What is expected> In the records below, find the line that contains "20 декабря в" and the line that contains "原来,医生在甄女士的右肩背部"; write out exactly those two lines and everything between them, without the pictures.

Task input>
============
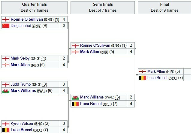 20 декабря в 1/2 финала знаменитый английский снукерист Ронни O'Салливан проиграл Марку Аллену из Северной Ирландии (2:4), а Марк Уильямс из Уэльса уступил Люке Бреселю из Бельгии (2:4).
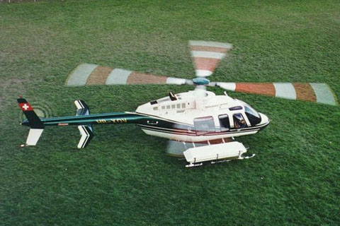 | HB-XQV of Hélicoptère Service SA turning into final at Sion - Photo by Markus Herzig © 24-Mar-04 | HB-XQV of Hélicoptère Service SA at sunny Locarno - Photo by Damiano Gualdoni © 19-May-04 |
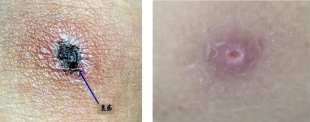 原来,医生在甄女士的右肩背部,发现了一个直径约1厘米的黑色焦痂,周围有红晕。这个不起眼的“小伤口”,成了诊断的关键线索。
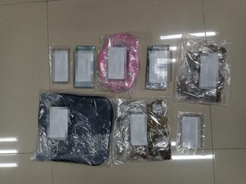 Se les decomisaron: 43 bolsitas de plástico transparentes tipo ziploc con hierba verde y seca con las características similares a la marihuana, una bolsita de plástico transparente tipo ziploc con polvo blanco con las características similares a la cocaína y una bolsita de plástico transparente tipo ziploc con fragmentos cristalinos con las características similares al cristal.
============
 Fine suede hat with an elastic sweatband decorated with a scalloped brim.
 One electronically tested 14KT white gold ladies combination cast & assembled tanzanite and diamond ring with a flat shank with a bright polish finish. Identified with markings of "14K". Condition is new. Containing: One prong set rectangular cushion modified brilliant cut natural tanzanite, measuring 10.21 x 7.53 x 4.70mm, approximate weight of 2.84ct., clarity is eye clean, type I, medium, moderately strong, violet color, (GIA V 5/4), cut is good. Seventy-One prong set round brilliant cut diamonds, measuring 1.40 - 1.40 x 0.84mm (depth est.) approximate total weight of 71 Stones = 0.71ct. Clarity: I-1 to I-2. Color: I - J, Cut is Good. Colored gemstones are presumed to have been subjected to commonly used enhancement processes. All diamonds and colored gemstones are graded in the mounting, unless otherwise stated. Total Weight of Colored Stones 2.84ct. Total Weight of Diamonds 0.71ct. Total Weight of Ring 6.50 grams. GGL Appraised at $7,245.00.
============
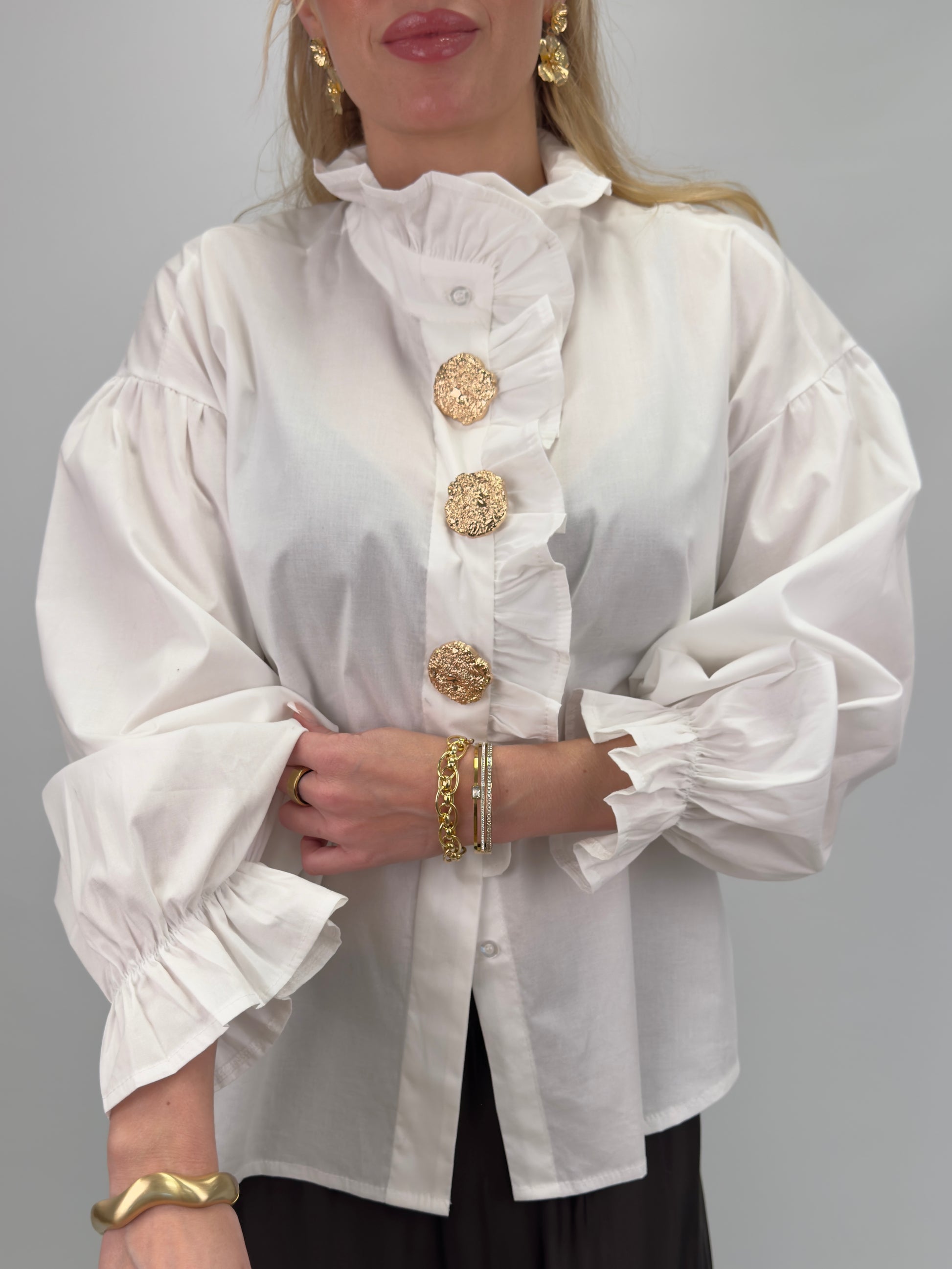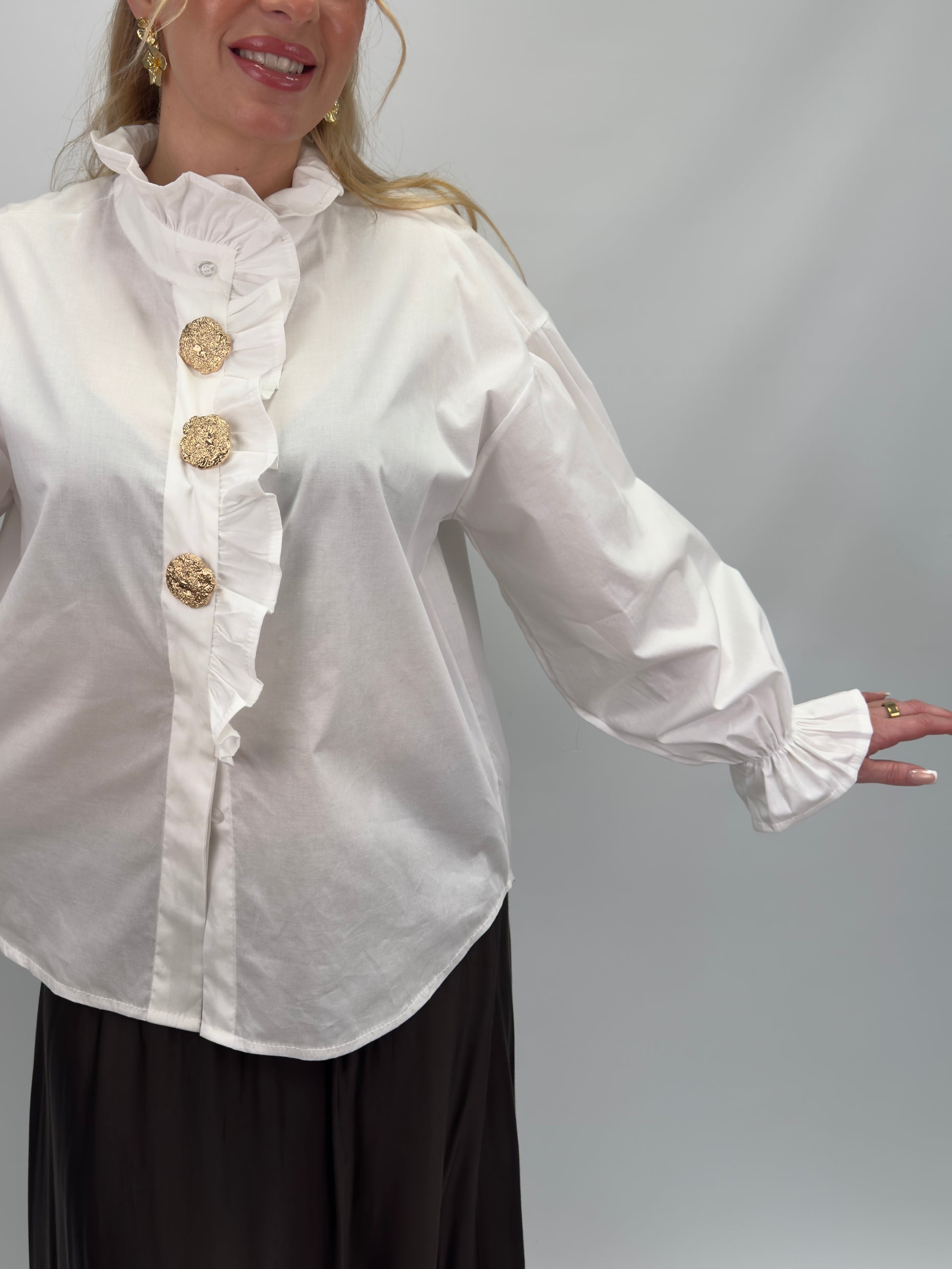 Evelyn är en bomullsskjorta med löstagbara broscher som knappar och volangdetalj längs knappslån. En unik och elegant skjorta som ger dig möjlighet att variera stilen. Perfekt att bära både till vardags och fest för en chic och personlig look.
============
The answer>
 20 декабря в 1/2 финала знаменитый английский снукерист Ронни O'Салливан проиграл Марку Аллену из Северной Ирландии (2:4), а Марк Уильямс из Уэльса уступил Люке Бреселю из Бельгии (2:4).
 | HB-XQV of Hélicoptère Service SA turning into final at Sion - Photo by Markus Herzig © 24-Mar-04 | HB-XQV of Hélicoptère Service SA at sunny Locarno - Photo by Damiano Gualdoni © 19-May-04 |
 原来,医生在甄女士的右肩背部,发现了一个直径约1厘米的黑色焦痂,周围有红晕。这个不起眼的“小伤口”,成了诊断的关键线索。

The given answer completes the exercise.